United States District Court, First Circuit

January 13, 2014

Gabriel F. Martinez
v.
Victor F. Petrenko and IceCode, LLC Opinion No. 2014 DNH 004

Benjamin T. King, Esq. Martha Van Oot, Esq.

ORDER

Joseph A. DiClerico, Jr. United States District Judge

Gabriel F. Martinez brought suit against his former employer, IceCode, LLC, and Victor Petrenko, who founded IceCode and served as chairman of IceCode’s board, seeking payment of wages, overtime compensation, severance benefits, and damages for wrongful termination under state law and the Fair Labor Standards Act (“FLSA”), 29 U.S.C. § 207(a). Petrenko moves for summary judgment on Martinez’s FLSA claim, arguing that Martinez cannot show enterprise coverage, as required by § 207(a), and asking the court to decline supplemental jurisdiction over the state law claims. Martinez objects on the grounds that factual disputes preclude summary judgment on his FLSA claim and argues that even if the FLSA claim were dismissed, diversity jurisdiction exists or, alternatively, the court should not decline supplemental jurisdiction.

Standard of Review

Summary judgment is appropriate when “the movant shows that there is no genuine dispute as to any material fact and the movant is entitled to judgment as a matter of law.” Fed.R.Civ.P. 56(a). “A genuine issue is one that can be resolved in favor of either party, and a material fact is one which has the potential of affecting the outcome of the case.” Jakobiec v. Merrill Lynch Life Ins. Co., 711 F.3d 217, 223 (1st Cir. 2013) (internal quotation marks omitted).
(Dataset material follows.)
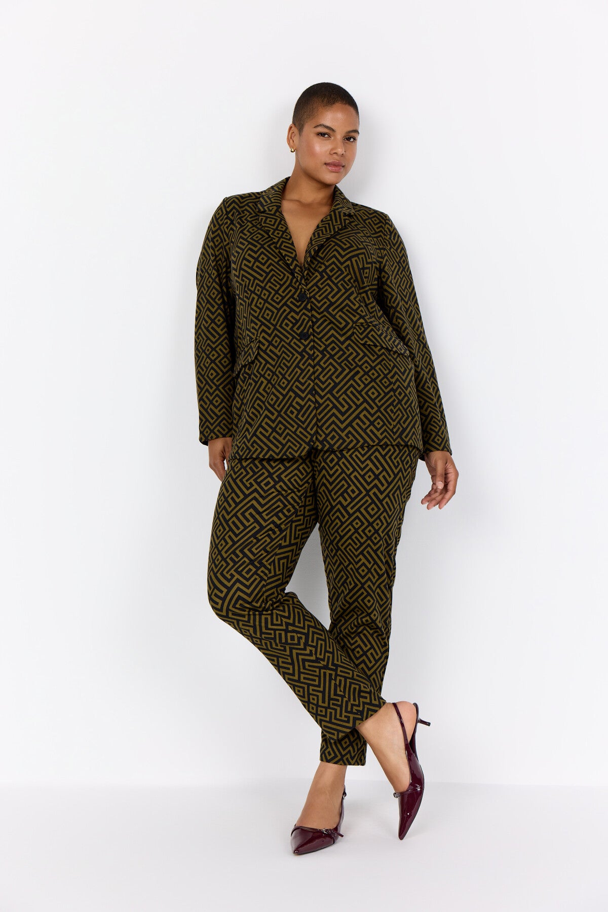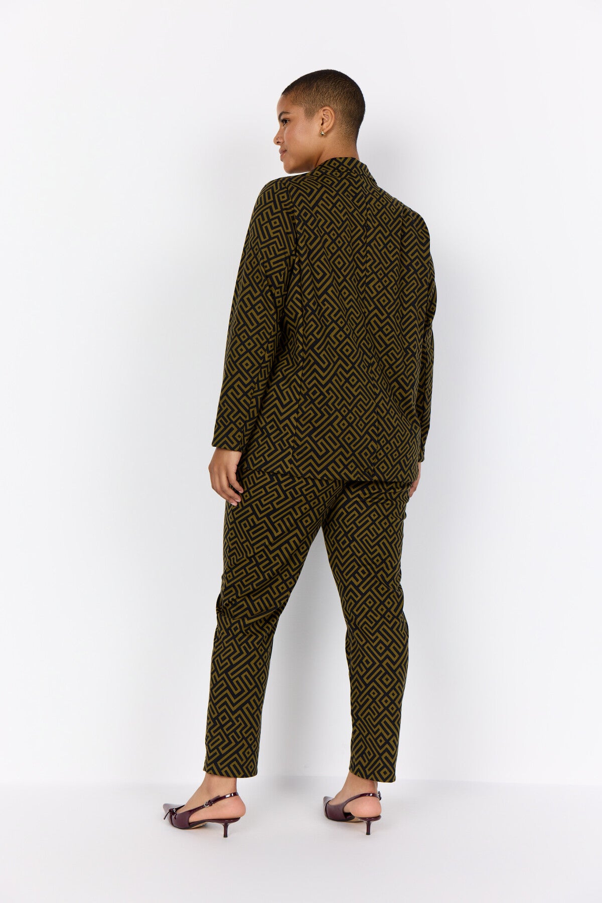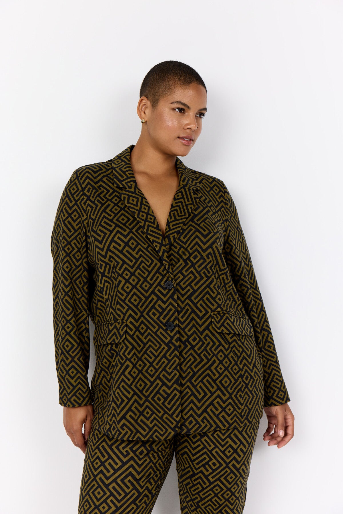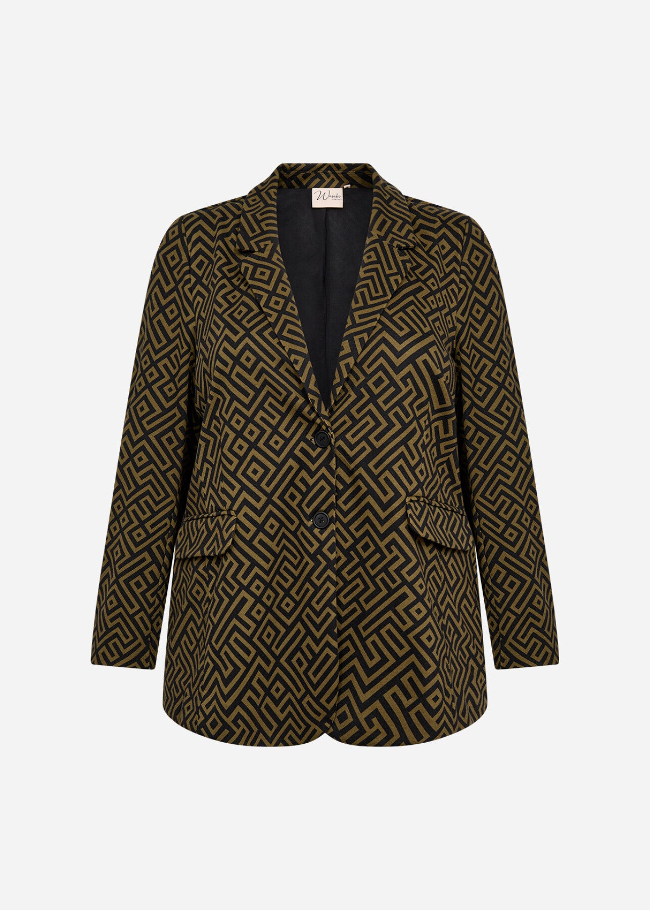 WA-VILJA 3 er en blazer fremstillet af 81 % polyester, 14 % viskose og 5 % elastan. Blazeren har et geometrisk print, krave med hakket revers og lukning med to knapper foran og klaplommer. Sæt den sammen med skræddersyede bukser eller jeans for et smart look.

In deciding a motion for summary judgment, the court draws all reasonable factual inferences in favor of the nonmovant. Kenney v. Floyd, 700 F.3d 604, 608 (1st Cir. 2012).

Background

Petrenko founded IceCode, originally Ice Engineering, LLC, in 2001, in Lebanon, New Hampshire. In the complaint, Martinez describes IceCode as being “engaged in research and development of intellectual property for so long as the entity existed.” Compl. ¶ 7. IceCode’s “Limited Liability Company Operating Agreement” states that the purposes of the company were:

to develop, improve, license, and commercially apply ice friction modification technology and other technologies developed and/or acquired that provide significant cost savings, energy savings, or otherwise provide better reliability and safety for consumers and manufacturers; to develop, market, offer, sell, license and promote products and services related to such technology and to engage in all ancillary activities directly or indirectly related to such purposes.

Agreement, § 2.5.

From March 1, 2010, to March 1, 2011, Petrenko was the Chief Technology Officer at IceCode and chairman of its board of directors. In February of 2010, Martinez became Chief Operating Officer of IceCode. During that time, Roman Zhigalov and then Sam Fairchild were Chief Executive Officer.[1]
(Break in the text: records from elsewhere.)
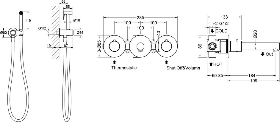 Встраиваемый смеситель с функцией подключения гигиенического душа Timo Saona 2383 предназначен для монтажа в твердой или полой стене. Встроенный блок может быть установлен с левым или правым подключением гигиенического душа. Гигиенический душ можно установить автономно на любом расстоянии от смесителя. Для использования гигиенического душа включать смеситель не требуется. Подача воды на гигиеническую лейку осуществляется нажатием кнопки, расположенной на корпусе держателя лейки. В смесителе установлен термостатический картридж для поддержания стабильной температуры воды в смесителе и гигиеническом душе. Подача воды и увеличение напора в смесителе осуществляется поворотом ручки расположенной справа (при установке душа слева). Сложностей монтажа не возникает при установке смесителя опытным сантехником. Основные преимущества встроенного смесителя: коммуникации, крепления и механизмы спрятаны в стену и видны только декоративные элементы, установить встроенный смеситель можно в любом месте. Внимательно изучите инструкцию по монтажу и эксплуатации.
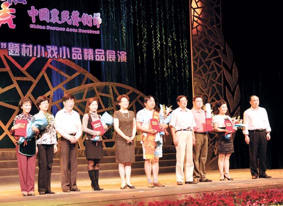 作为首届中国农民艺术节配套活动之一的全国“三农”题材小戏小品精品展演活动,6月4日晚在昆山淀山湖镇精彩亮相。中国文联国内联络部副主任周雪静,江苏省文联党组副书记、副主席杨企鹏,江苏省戏剧家协会驻会副主席、秘书长杨丽娟,苏州市文联主席朱建华,中共昆山市委常委、宣传部部长杭颖,淀山湖镇人民政府镇长韩晓燕等出席活动并分别致辞。图为领导上台为5个戏曲团队颁奖。
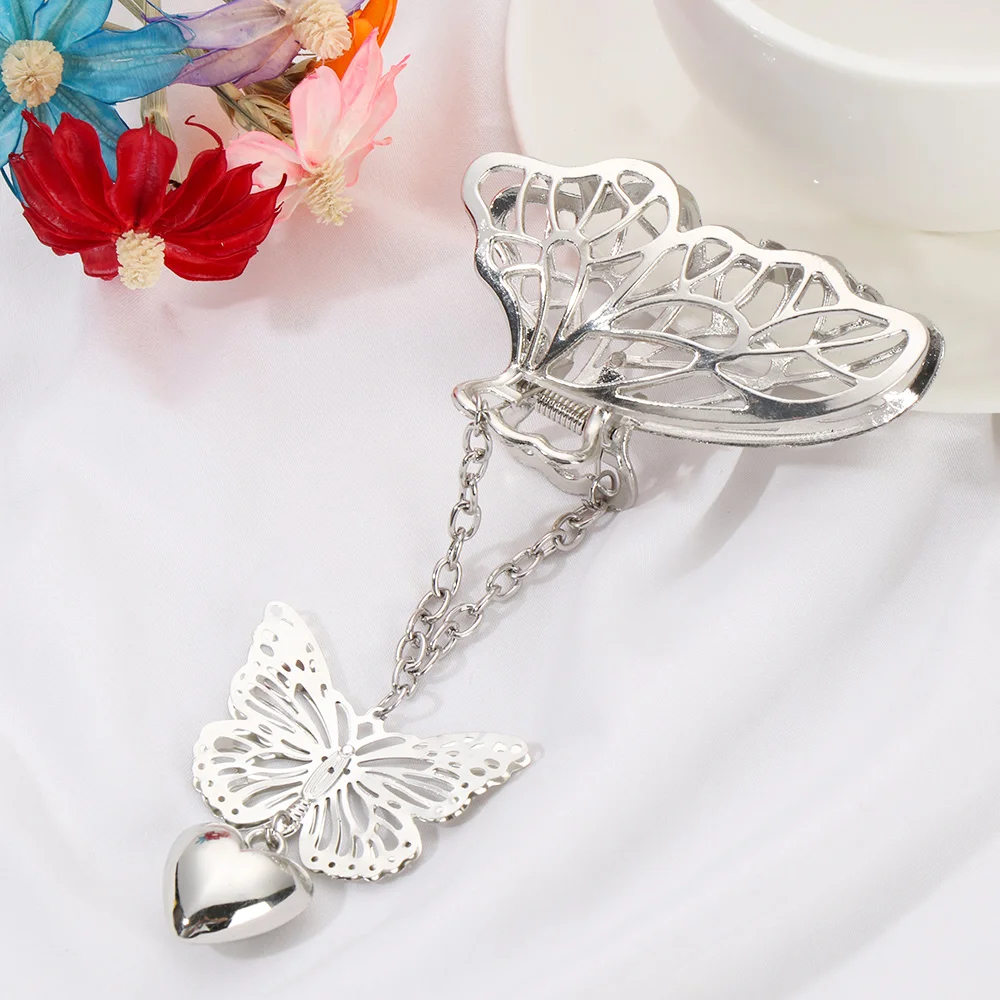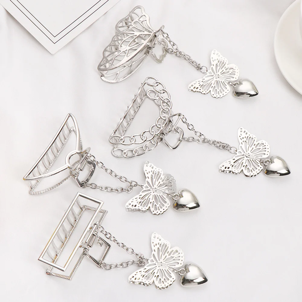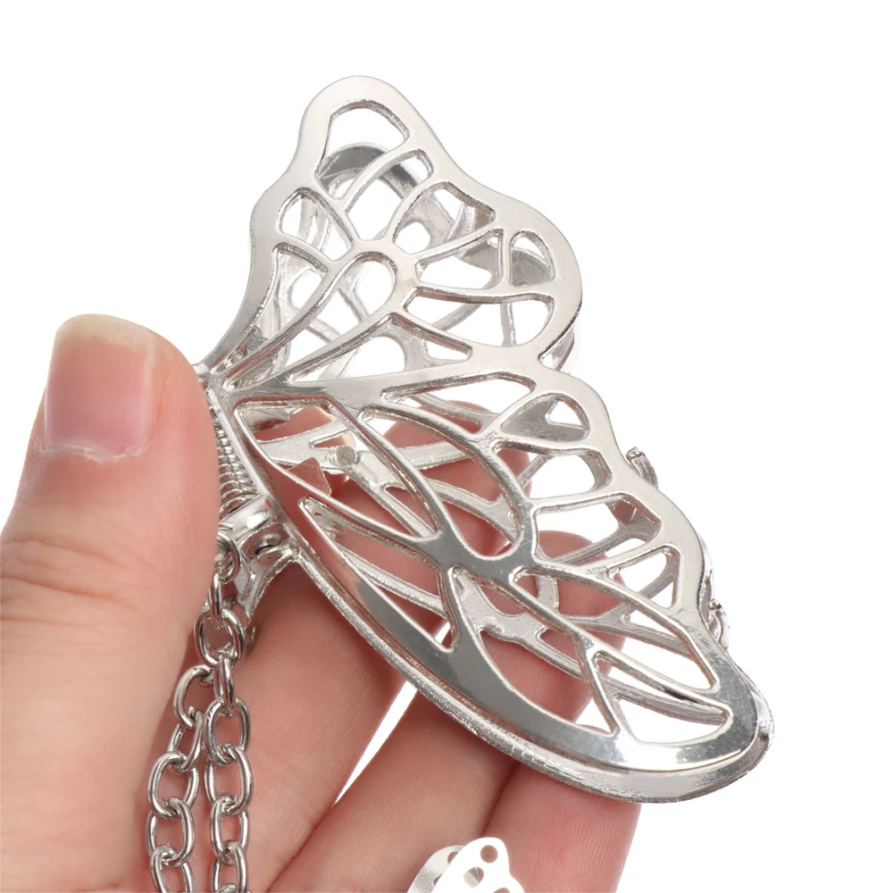 Женские Винтажные заколки для волос, золотистыесеребристые металлические заколки с бабочкой и кисточкой, элегантные аксессуары для волос

The terms of Martinez’s employment at IceCode were governed by an agreement which was titled “Executive Agreement.” The Executive Agreement was amended after Martinez complained about his compensation in July of 2010. Martinez left IceCode in May of 2011 because he was not being compensated in the amount that he believed had been promised.

Martinez filed this action in August of 2012. Petrenko moved to dismiss Martinez’s FLSA claim for lack of subject matter jurisdiction or in the alternative for failure to state a claim and filed a motion for judgment on the pleadings. Petrenko also moved for default against Martinez on Petrenko’s counterclaim.

In support of the jurisdictional challenge, Petrenko argued that diversity jurisdiction under 28 U.S.C. § 1332 was lacking and that federal question jurisdiction under 28 U.S.C. § 1331 was lacking because the FLSA claim was “insubstantial and frivolous.”[2] The court denied the motion to dismiss as untimely, because it presented a procedural tangle of jurisdictional issues under Federal Rule of Civil Procedure 12(b)(1) and a challenge on the merits under Rule 12(b)(6), and because Martinez presented a colorable claim under the FLSA. The court concluded that the motion for judgment on the pleadings was premature and that the issues should be addressed by a motion for summary judgment.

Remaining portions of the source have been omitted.